Марина тогда уселась на краешек стула и начала монотонным голосом рассказывать бесконечную историю Сашиных запоев; на глазах у нее были слезы. Послушав несколько минут, я прервала ее:
— Марина, в вашем изложении все выглядит как вселенская трагедия. Конечно, очень неприятно, что Саша пьет, но это не самое страшное на свете. Главное, он жив.
Дальше я ей объяснила, что из всех возможных вариантов поведения она выбрала самый неправильный, и связала ее с Рафаилом. Через некоторое время они справились с Сашей, и Марина снова радовалась жизни.
Только когда Саша запил снова, мне показалось, что мы с Рафаилом немного перестарались, работая с Мариной и разъясняя ей, как должна себя вести жена алкоголика, чтобы помочь мужу избавиться от алкоголизма. Вместо смиренной мученицы, которая покорно смотрит, как Саша продает последнее, и чуть ли не сама бегает за спиртным, Марина превратилась в суровую воительницу — другими словами, она вела себя с запившим мужем как самая отъявленная стерва. После двух дней запоя она отбирала у супруга все брюки и обувь, так что он просто физически не мог выйти из квартиры, и, не обращая внимания на все его мольбы, угрозы и проклятия, сторожила его до тех пор, пока он не соглашался на визит нарколога, прекращавшего приступ. Несколько раз она пыталась его закодировать, но этого хватало ненадолго.

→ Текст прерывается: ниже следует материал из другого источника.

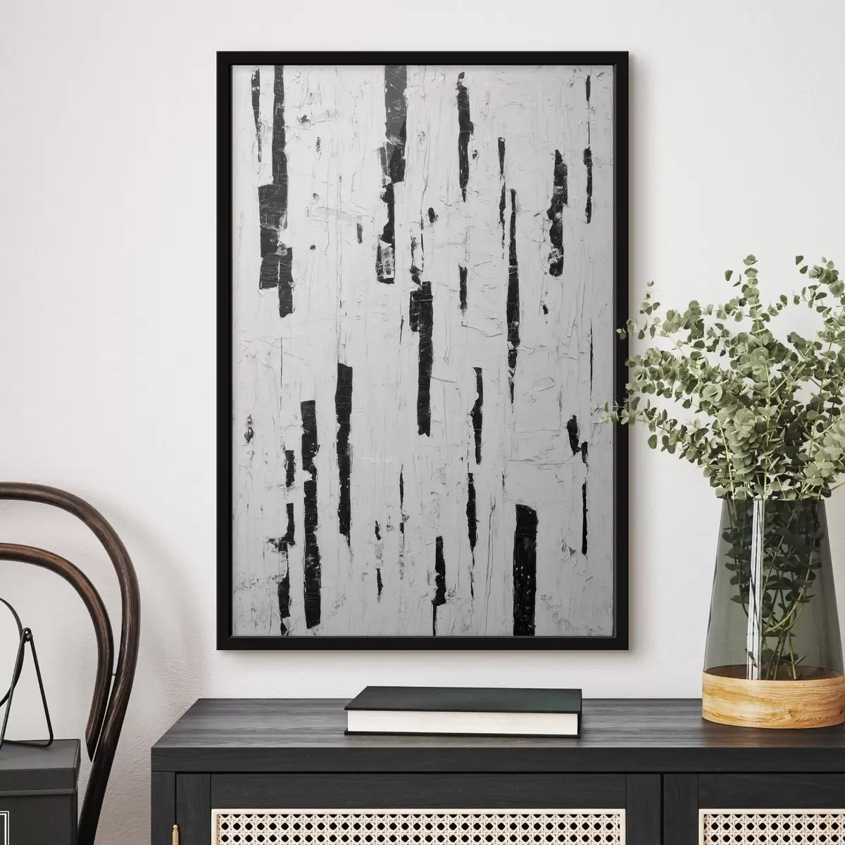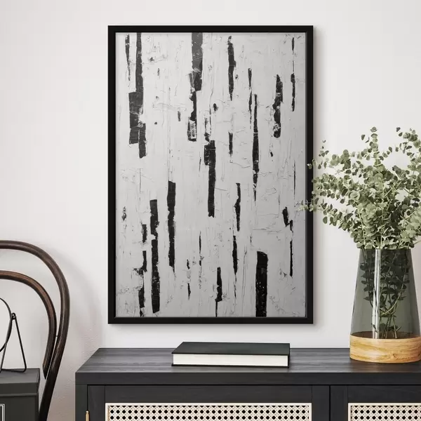 Poster Compoziție abstractă cu tușe verticale negre pe fond alb, în stil pictură în ulei f46956

А так как я принимала во всем этом участие, то мужнину одежду она сносила, естественно, ко мне — куда же еще? Что ж, придется выделить в стенном шкафу место для Сашиных вещей.

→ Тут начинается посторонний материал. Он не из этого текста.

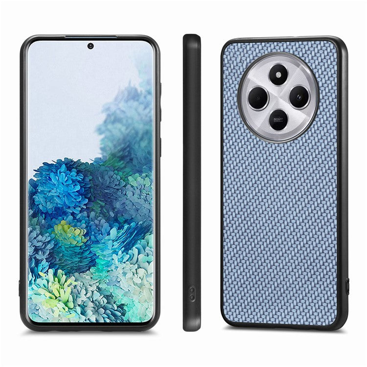 Phone Case For Xiaomi Redmi 14C 4G / 14R 5G / Poco C75 4G Carbon Fiber Texture PU+PC+TPU Back Cover - Blue
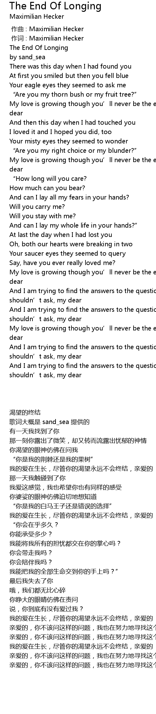 | [03:21.37] | My love is growing though you’ll never be the end of longing, my dear |

Пока я раздевалась, снова раздался звонок, и я открыла дверь в полной уверенности, что это Марина. Но на пороге стоял Петя, Петя, о котором я уже успела позабыть, с букетом в руках. Забыв поздороваться, он с изумлением уставился на брюки, в беспорядке валявшиеся у его ног. Наконец, обретя дар речи, спросил:
— Чье это?
Но ответить я не успела, потому что в прихожую влетела запыхавшаяся Марина со стопкой тренировочных костюмов и нижнего белья и бросила ее туда же, на пол.
— Я унесла из дома свои штаны тоже, в прошлый раз он умудрился натянуть на себя мои легинсы и выбежать в таком виде. Представляешь, что с ними стало! Агнесса, пойдем со мной, я хочу снять с него трусы, но одна не могу справиться. Иначе он доберется до Васи, алкаша со второго этажа.
Тут она заметила ошеломленно рассматривавшего ее Петю и, вместо того чтобы смутиться, обрадовалась:
— Как хорошо, что у тебя мужчина! Вас, кажется, зовут Петя?
Петя подтвердил, что он действительно Петя.
— А я Марина с девятого этажа. Пожалуйста, пойдемте со мной, вы здоровый парень, это как раз то, что надо.
Петя вопросительно на меня посмотрел и по выражению моего лица понял, что другого выхода у него нет. Нехотя он подчинился, и мы, игнорируя лифт, поднялись на два этажа по лестнице. Марина открыла дверь их однокомнатной квартиры своим ключом — недавно она сменила замки, так что теперь Саша не мог отпереть дверь изнутри, так же, как, впрочем, не мог и забаррикадироваться в квартире, когда Марина выходила.
Мы успели увидеть Сашу только мельком; он стоял на пороге комнаты, слегка покачиваясь, пытаясь сфокусировать взгляд. Его туманные, почти бессмысленные глаза равнодушно скользнули по мне и Пете и вдруг, когда остановились на Марине, в них появился ужас. С жалобным криком, скорее даже писком, который совершенно не соответствовал его атлетическому сложению и немалому росту, он кинулся в ванную и там заперся.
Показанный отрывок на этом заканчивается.